10:12 AM

TARP: A Much Bigger Threat Than User Fees?

We've all been stressing these past couple of years about the possibility of our Federal government slapping GA with user fees as a new way to finance FAA. We've collectively speculated about the damage that would cause to the financial infrastructure of personal and business aviation.

But now there is a new enemy lurking, one with what I believe to be a far more dangerous strategy that ultimately could punish GA for nothing. That is House Financial Services Committee Chairman Barney Frank's new Troubled Asset Relief Program (TARP).

Buried in this language is some even more restrictive rules aimed straight at the "Big Three" automakers who are begging for bailout cash. In this new language is one line that has both GAMA and NBAA on full-blown Red Alert:

3). requires divestment of private aircraft or leases.
That one line in this big, complicated debacle of a "bailout" that the Feds are trying to craft does more damage to the public reputation of GA then anything that has come before it. What it is saying to the public as it's being reported in the traditional media is that ANYONE who flies a private business aircraft is a greedy, overpaid, underperforming weasel. That's the way the automaker CEOs have been described, and after so much BS was slung through the TV sets of America and across the WWW, these CEOs were forced to drive cars from Chicago to Washington DC the last time they came begging.

Of course, you and I know this is all not true...that business aircraft come in all sizes and flavors, and that not everyone that flies a private jet is a greedy weasel. Jim Sinigal, CEO of Costco is the nation's most level-headed, unpretentious and fair CEO, and HE flies in his own private corporate jet [gasp]. Average Joe on the street doesn't know that many companies have already downsized from their Lear to a Pilatus PC-12, and not even Joe the Plumber will have a clue about how cost-effective it is to see clients in three cities in a day by flying a GA plane like my very affordable and efficient 1964 Cherokee 235.

Both NBAA and GAMA – like myself and much of the GA community – are afraid that this public perception of private business aircraft being "excessive" will forever tarnish GA's reputation. Here is what NBAA had to say on the situation:
"According to the press release issued by his office, the [TARP] bill will "require divestment of private aircraft or leases. Congress may be trying to bolster the economy, but enactment of this provision will put the jobs of tens of thousands of hard-working Americans at risk," NBAA President and CEO Ed Bolen said. "This could devastate the small businesses that fuel and service general aviation airplanes, further harm the manufacturers who are already laying off workers and slowing assembly lines, and take away a tool from companies that need general aviation airplanes to operate to and from the thousands of U.S. communities that have little or no scheduled airline service."
And GAMA also released this:
"Targeting our industry is an unacceptable and counterproductive response to our nation’s economic situation. If passed, this provision will have an adverse impact on our industry and jeopardize high-paying manufacturing jobs. A decision like this would be completely inappropriate at a time when general aviation manufacturers are already suffering from a weak economy. The last thing we need is for Congress to pursue an effort that will ultimately weaken an important domestic manufacturing industry.”
We all know a new President is due in Washington, DC in a few days, and that new leader has a website where he is actually ASKING for your opinion. At change.gov, you can fill out a form and comment on anything. From what I am reading, these comments are in fact stored and registered with his transition team.

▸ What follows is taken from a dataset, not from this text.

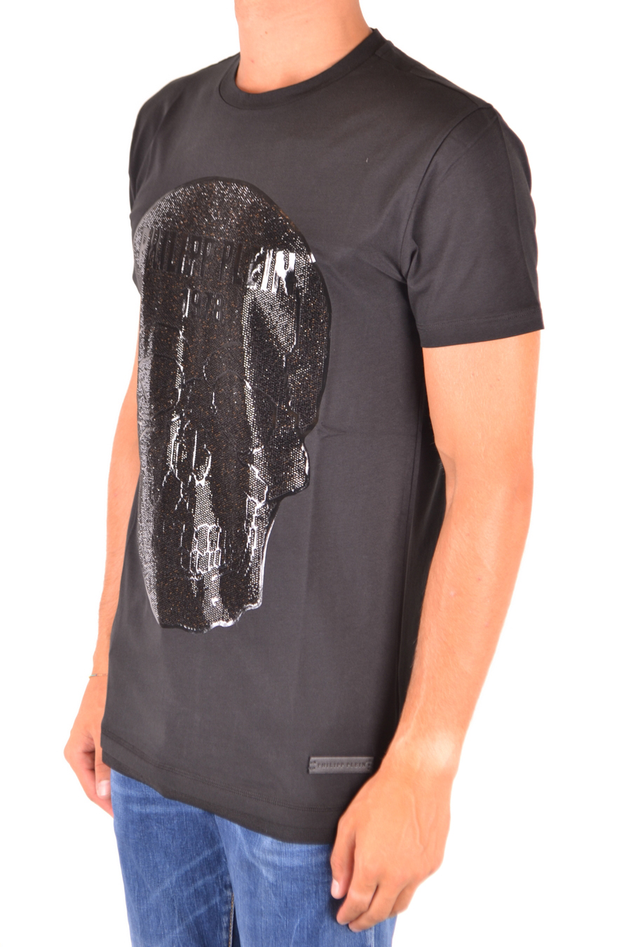 black cotton t-shirt from philipp plein featuring round neck, short sleeves, rhinstones skull decoration in front, stright hem slim fit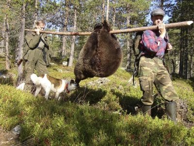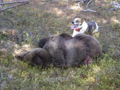Vuosikausia karhua pyytäneenä tuli pari vuotta aiemmin ajatus hankkia sellainen koira, että ”karhulla nahka löysällä”, joten otin Aatun. Aatun sukurasite karhulle on melkoinen, mutta siinä kaadolla tuli mieleen, että missä se Aatu nyt on kun ei näy? Katselin ympärilleni, niin jossakin 50m:n päässä mättäiden takana vilahteli mustaa. Tottapa tulee, kun aikansa värkkää. Vaan, eipä näkynyt sen koomin. Suolistimme karhun ja kannoimme korennossa tienvarteen. Kävelin tietä kilometrin autolle, mutta Aatu ei ollut sielläkään. No, metsäkö sen nieli? Kävelin vielä takaisin karhunkaatopaikalle, niin siellähän se Aatu tutki suoliläjää. Liekö pelästynyt ampumista vai mitä lie värkännyt, kun ei aiemmin uskaltanut paikalle.

Today I went to the Obama Transition Team site and left the following comment:
President Obama:

I was a big supporter of you here in Oregon, and as a private pilot, I know the major aviation advocacy groups supported your candidacy. But there is new language in the latest TARP bill that will cripple an entire industry in this country, that being business aviation.

Many families and companies depend on private and business aviation as their livelihood, and by forcing companies to give up their private aircraft fleets, thousands of jobs would be eliminated for no reason.

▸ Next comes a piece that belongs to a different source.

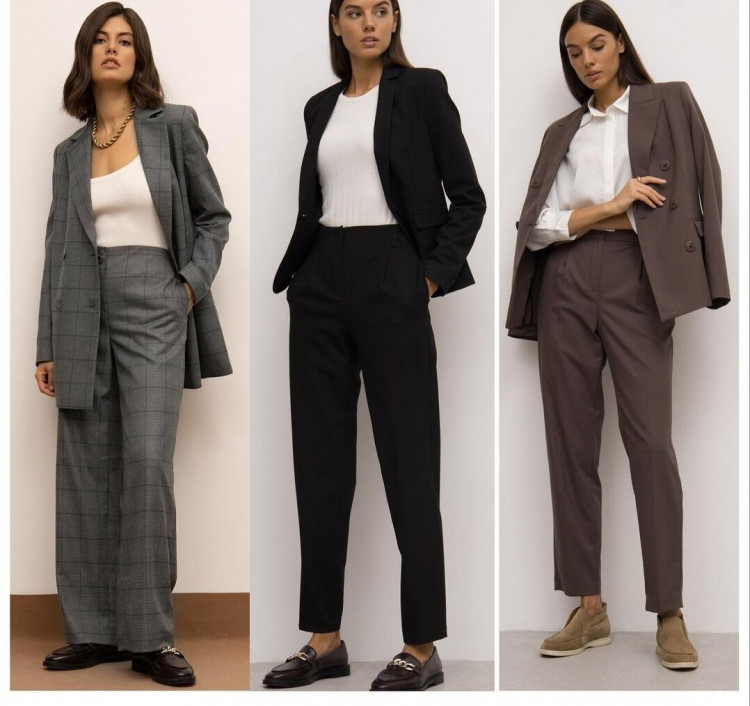 Брючний костюм – абсолютний мастхев для ділового гардероба. Його головна перевага в тому, що костюм можна носити і комплектом, і окремо – поєднуйте брюки з будь-якими блузками і сорочками в вашому гардеробі; носіть піджак як верхній шар в комплектах з будь-якими іншими брюками, спідницями і навіть джинсами, якщо дрес-код в офісі не дуже строгий. В костюмі ви завжди будете виглядати елегантно, дорого і справите правильне враження в професійному плані.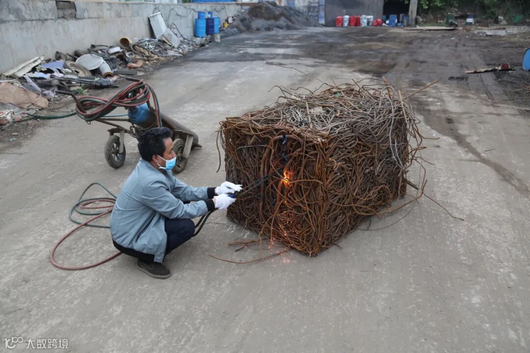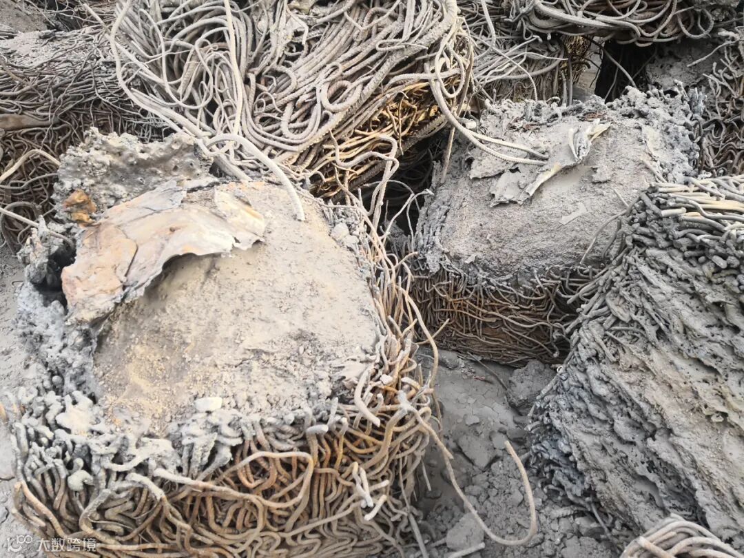 内部填充了渣土的钢筋压块

Please have someone research this and hopefully you will find that private and business aircraft are not just perks for celebrities, but a needed tool to allow companies to compete nationally and globally. Please, PLEASE have that language removed...why punish the good people in this industry for the greed and irresponsibility of the Bush administration?
While I know my one comment won't change the world, maybe tens of thousands of comments pleading with the Obama team might do the trick. Please go here and ask them point blank to strip the TARP bill of any language that forces anyone to divest their private aircraft fleets.This is really important, go here today and tell the Transition team what you think.

And yes, it could be said that if read exactly as written, this TARP language might mean that ONLY the automakers must divest their fleets. But that's not the way it's being reported, and the public isn't that tuned in to this issue to notice that tiny detail. We must turn this public perception around immediately before it becomes permanent.

I urge NBAA, GAMA and AOPA to pool there resources and produce a slick 30-second national TV spot that specifically explains in no uncertain terms that business aviation is a vital part of our American culture, and not all people who flie GA planes on business are greedy weasels. I certainly am not, I'm getting zero bailout dollars, and I am not about to "divest" my corporate aircraft for anyone.